Vortex Structure and Anisotropic Superconducting Gaps in Ba[Fe(Ni)]$_2$As$_2$

TL;DR

This study investigates the vortex structure and anisotropic superconducting gaps in Ni-doped BaFe$_{2}$As$_2$, revealing two distinct gaps with moderate anisotropy and evidence of strong coupling in the larger gap, using magnetization and spectroscopy techniques.

Contribution

It provides direct measurements of two superconducting gaps and their anisotropy in Ni-doped BaFe$_2$As$_2$, advancing understanding of its superconducting properties.

Findings

Identification of two distinct superconducting gaps with moderate anisotropy.

Evidence of strong coupling in the larger superconducting gap.

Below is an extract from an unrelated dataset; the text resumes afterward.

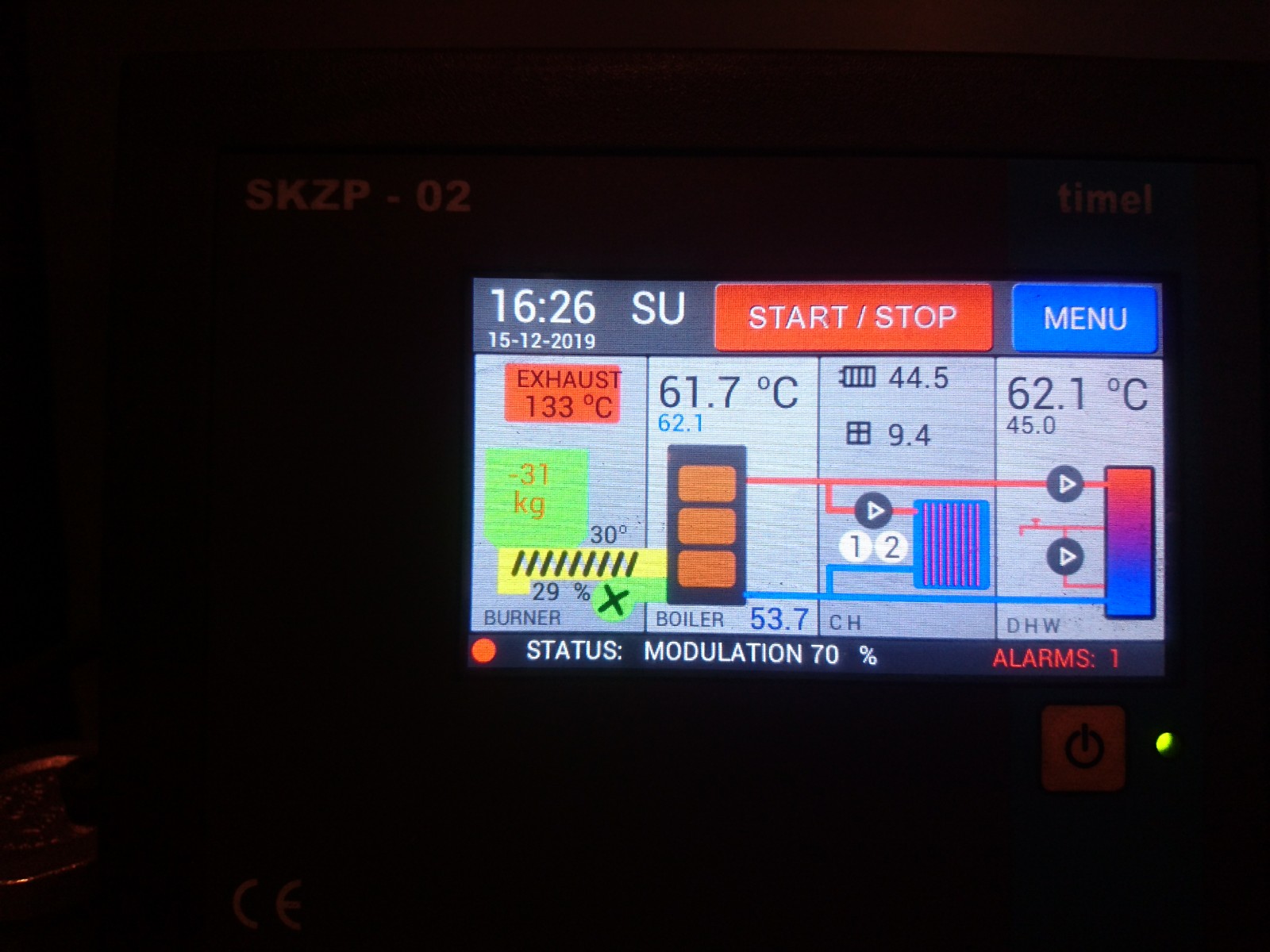от около седмица се сдобих с екоенергия 25кв с контролер SKZP-02 монтирана на котел грейко 30кв. Мъча се да горя донбаска пепел 0-6мм около 7000ккал/кг, няколко пъти замерих капацитета на шнека излиза около 15-15.5 кг въздух 10-26% при тия настройки много неизгорели частици падат в пепелника и за 7 8 часа се запълва до степен преливане като отворя врата се изсипват на земята и става страшен пепеляк(буквално ядрен взрив в котелното).При повишаване на калоричността до 9000ккал/кг и капацитета на шнека до 25кг въздух 10-30 с допълнително добавяне на 5 при подаване долу горе се получава добро изгаряне но мощността недостига горелката е на 100% температурата на котела 46гр.Някой има ли опит с горене на пепел в екоенергия?

Determination of critical current density and vortex pinning characteristics.

Abstract

We studied nearly optimally Ni-substituted BaFe$_{2-x}$Ni$_x$As$_2$ (BFNA) single crystals with $T_C \approx 18.5$\,K. In irreversible magnetization measurements, we determined the field dependence of the critical-current density and discuss the nature of observed strong bulk pinning. Using intrinsic multiple Andreev reflections effect (IMARE) spectroscopy, we directly determine two distinct superconducting gaps and resolve their moderate anisotropy in the momentum space. The BCS-ratio for the large gap $2\Delta_L/k_BT_C > 4.1$ evidences for a strong coupling in the $\Delta_L$-bands.